EdgeVox

Offline voice agent framework for robots and desktop apps. Local streaming voice pipeline. Fully private.

_{Voice pipeline TUI — streaming STT · LLM · TTS with VAD barge-in}	_{MuJoCo · Franka arm — voice-controlled pick-and-place}
_{Unitree G1 humanoid — procedural gait + ONNX policy slot}	_{RookApp desktop — offline chess partner (Qt + LLMAgent + Stockfish, one Python process)}

Why EdgeVox?

Voice is the interface — streaming STT → LLM → TTS pipeline targeting sub-second first-audio on consumer GPUs, with Jetson and CPU fallback paths. (No measured perf published yet — see benchmarks/ for the harness; numbers land here once the first run completes.)
Agents are the program model — write @tool and @skill functions in Python; compose them with Sequence, Fallback, Loop, Parallel, and Router workflows; delegate across agents with OpenAI-SDK-style handoffs.
Robots and desktop apps are both first-class — robots get cancellable skills with GoalHandle, hard-stop SafetyMonitor that bypasses the LLM, three-tier simulation (stdlib → IR-SIM → MuJoCo), and a ROS2 bridge. Desktop apps get the same agent framework + voice pipeline shipped as a single PySide6 process — see RookApp below.
Everything is offline — no cloud APIs, no telemetry, no vendor lock. Gemma 4 via llama.cpp, faster-whisper, Kokoro/Piper/Supertonic TTS. Your mic audio never leaves the machine.

30-second demo

2D — IR-SIM (mobile robot navigation)

pip install 'edgevox[sim]'
edgevox-setup                      # downloads ~3 GB of models, one time
edgevox-agent robot-irsim --text-mode

A matplotlib window opens showing a 10×10 apartment with four rooms. Type "go to the kitchen" — the blue robot drives visibly. Say "stop" mid-flight and the safety monitor preempts the skill before the LLM is consulted — the halt path doesn't wait on a model round-trip. Swap --text-mode for --simple-ui to drive it by voice.

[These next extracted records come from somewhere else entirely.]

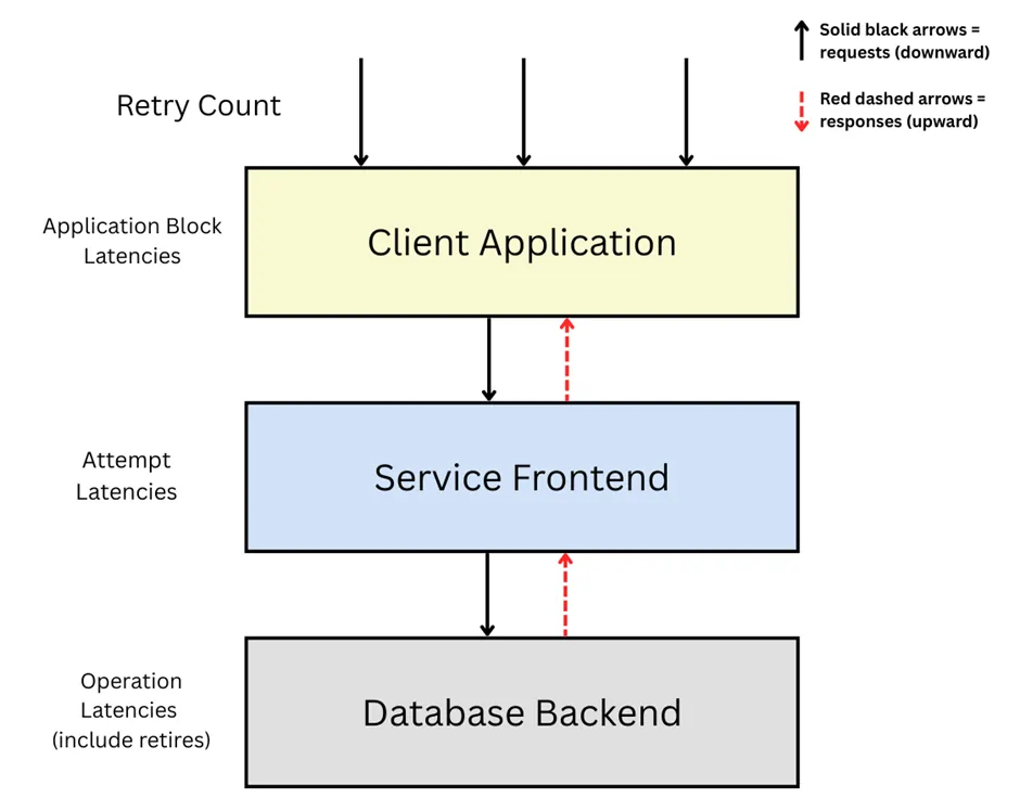 The diagram below shows where retries, application-blocking delays, attempt latencies, and operation latencies are measured across the client–service–database lifecycle.
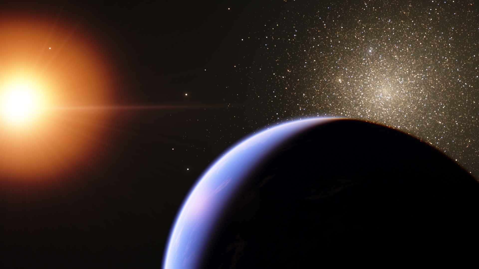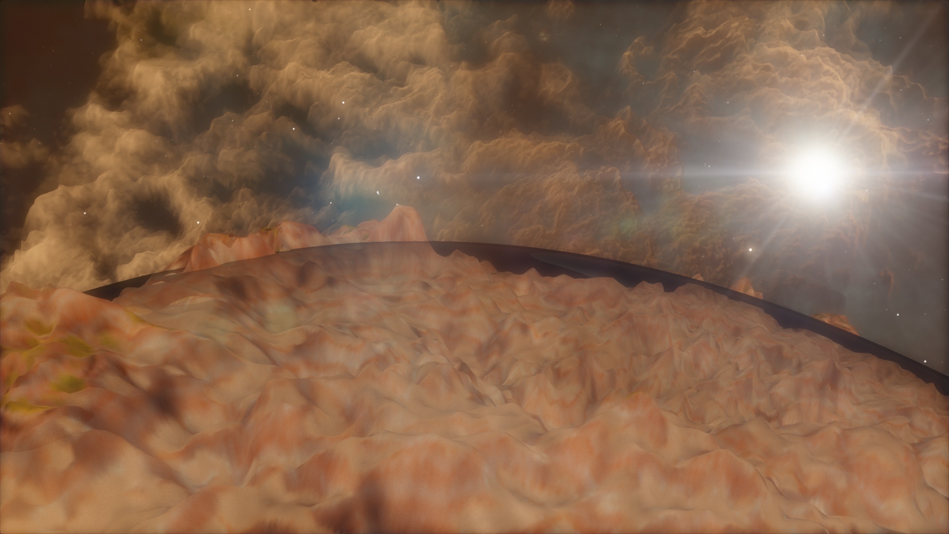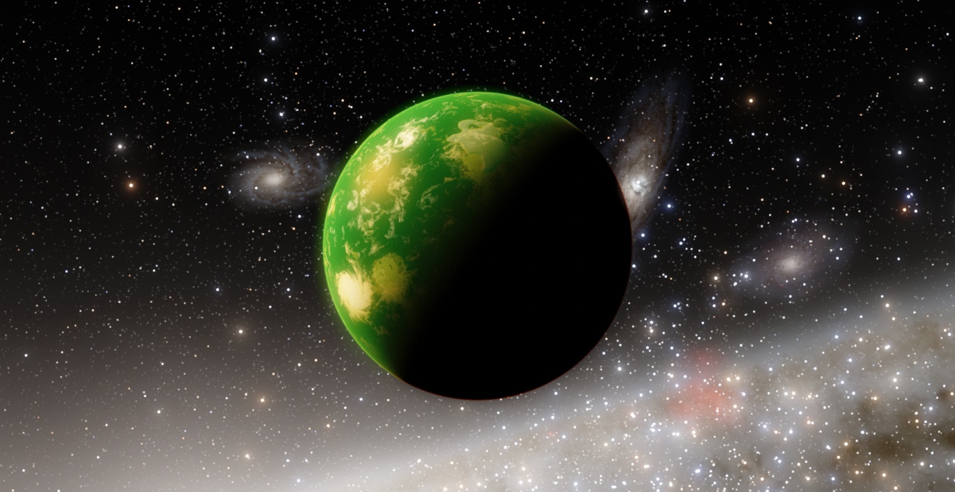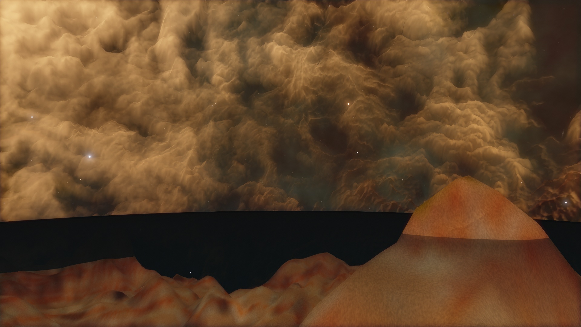 This is a picture of an earth-like planet, orbiting a star on the edge of a galaxy that itself is on the edge of the procedurally generated universe. One half of the planet's sky is filled with stars while the other half is completely void of them.
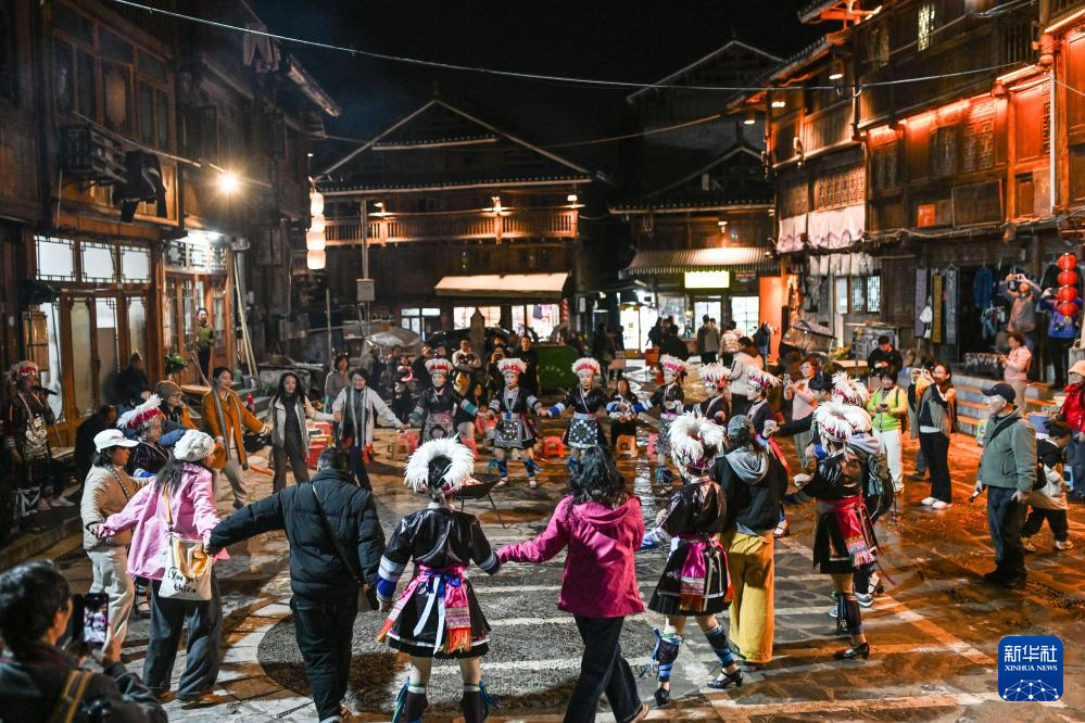 在贵州省黎平县肇兴侗寨,游客与村民在一起跳舞(12月19日摄)。
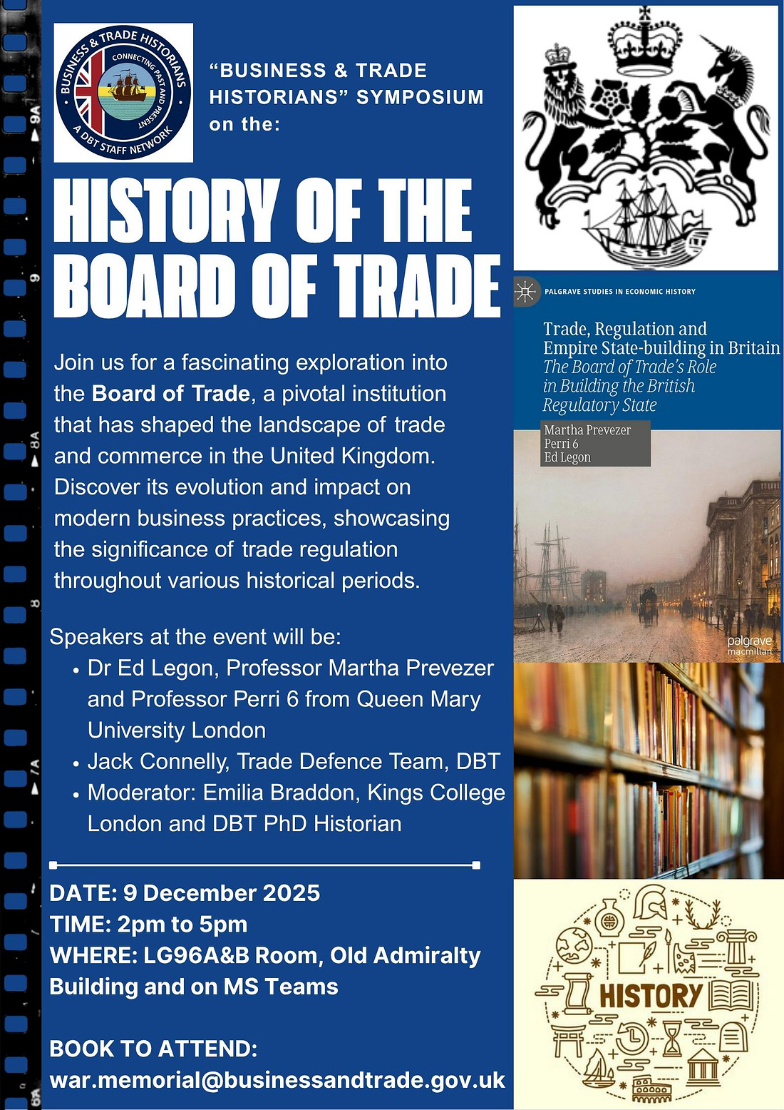 History of the Board of TradeOrganized by the Business & Trade Historians, the voluntary staff history network at the Department for Business & TradeThe Business & Trade Historians, the newly renamed voluntary staff history network at the Department for Business & Trade (DBT), are inviting you to a special DBT symposium on the “History of the Board of Trade”, taking place on Tuesday 9 December between 2pm and 5pm in the Old Admiralty Building, or online. Please indicate if you would like to attend in person as space in the room is limited to 40 people! This event offers a unique opportunity to reflect on the rich and complex history of DBT’s predecessor departments, tracing their evolution through four centuries of business, trade, regulation, and evolution of government and the state. Whether you’re a policy professional, historian, or simply curious about the institutional legacy that shapes DBT’s work today, this symposium will offer valuable insights into how the past continues to inform the present. Symposium Themes and SpeakersThe programme will explore key historical moments through short presentations by leading scholars and practitioners:
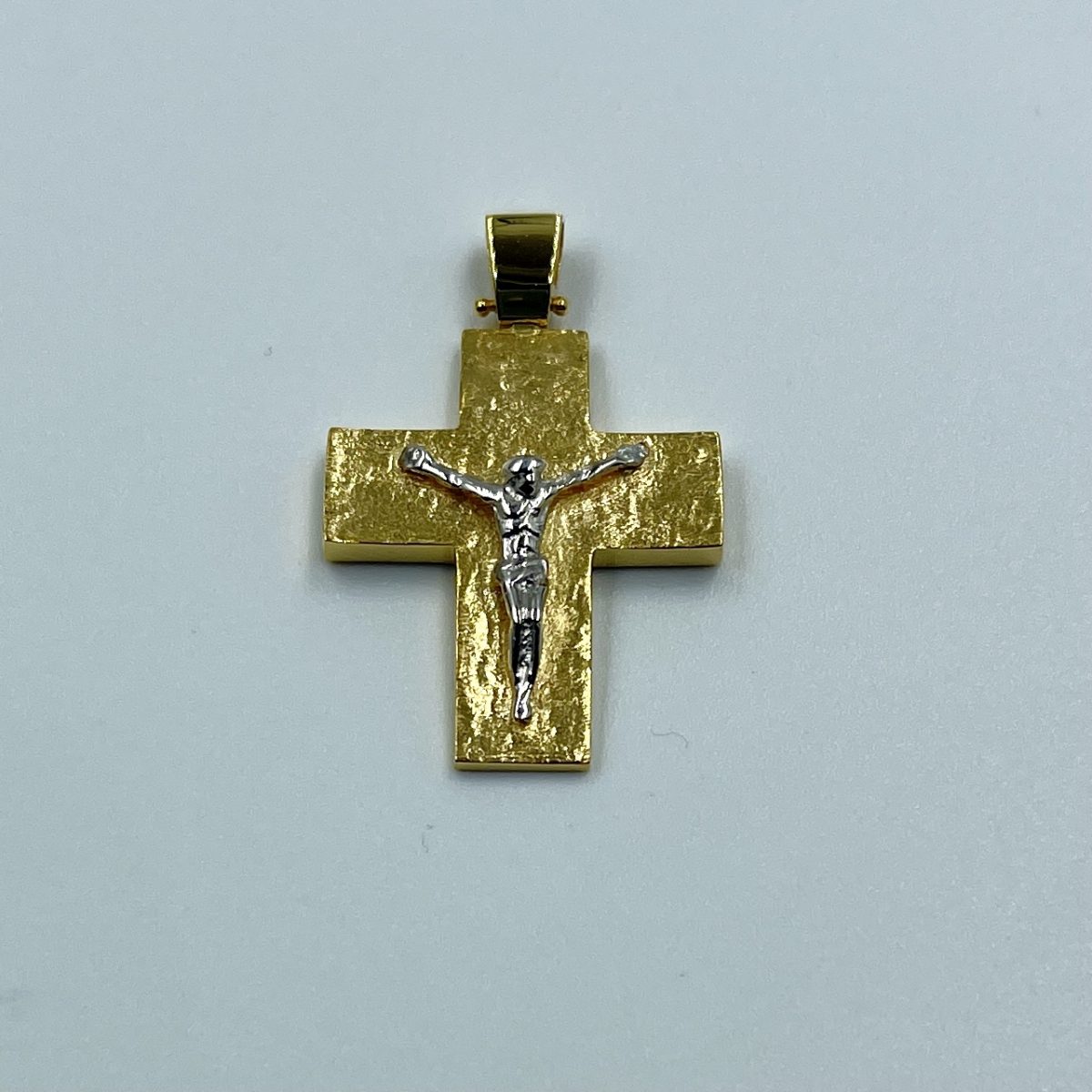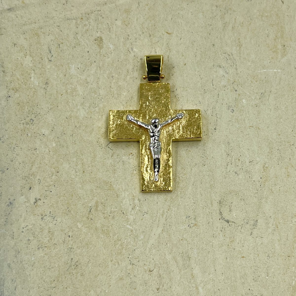 ΧΕΙΡΟΠΟΙΗΤΟΣ ΑΝΔΡΙΚΟΣ ΣΤΑΥΡΟΣ, 18Κ ΔΙΧΡΩΜΟΣ 5,4Χ2,2 ΕΚΑΤΟΣΤΑ

3D — MuJoCo (tabletop arm pick-and-place)

pip install 'edgevox[sim-mujoco]'
edgevox-agent robot-panda --text-mode

A MuJoCo viewer opens with a Franka Panda arm above a table with three colored cubes. Type "pick up the red cube" — the arm moves, grasps, and lifts. Voice commands control move_to, grasp, release, and goto_home skills.

3D — MuJoCo humanoid (Unitree G1 / H1)

pip install 'edgevox[sim-mujoco]'
edgevox-agent robot-humanoid --simple-ui

A Unitree humanoid (auto-fetched from nrl-ai/edgevox-models on first use, ~15 MB) appears in the MuJoCo viewer standing on its home keyframe. Say "walk forward half a meter", "turn left ninety degrees", "stand" — a procedural gait swings the legs + arms while the root advances. Plug in an ONNX walking policy via MujocoHumanoidEnvironment.set_walking_policy(...) for real RL locomotion.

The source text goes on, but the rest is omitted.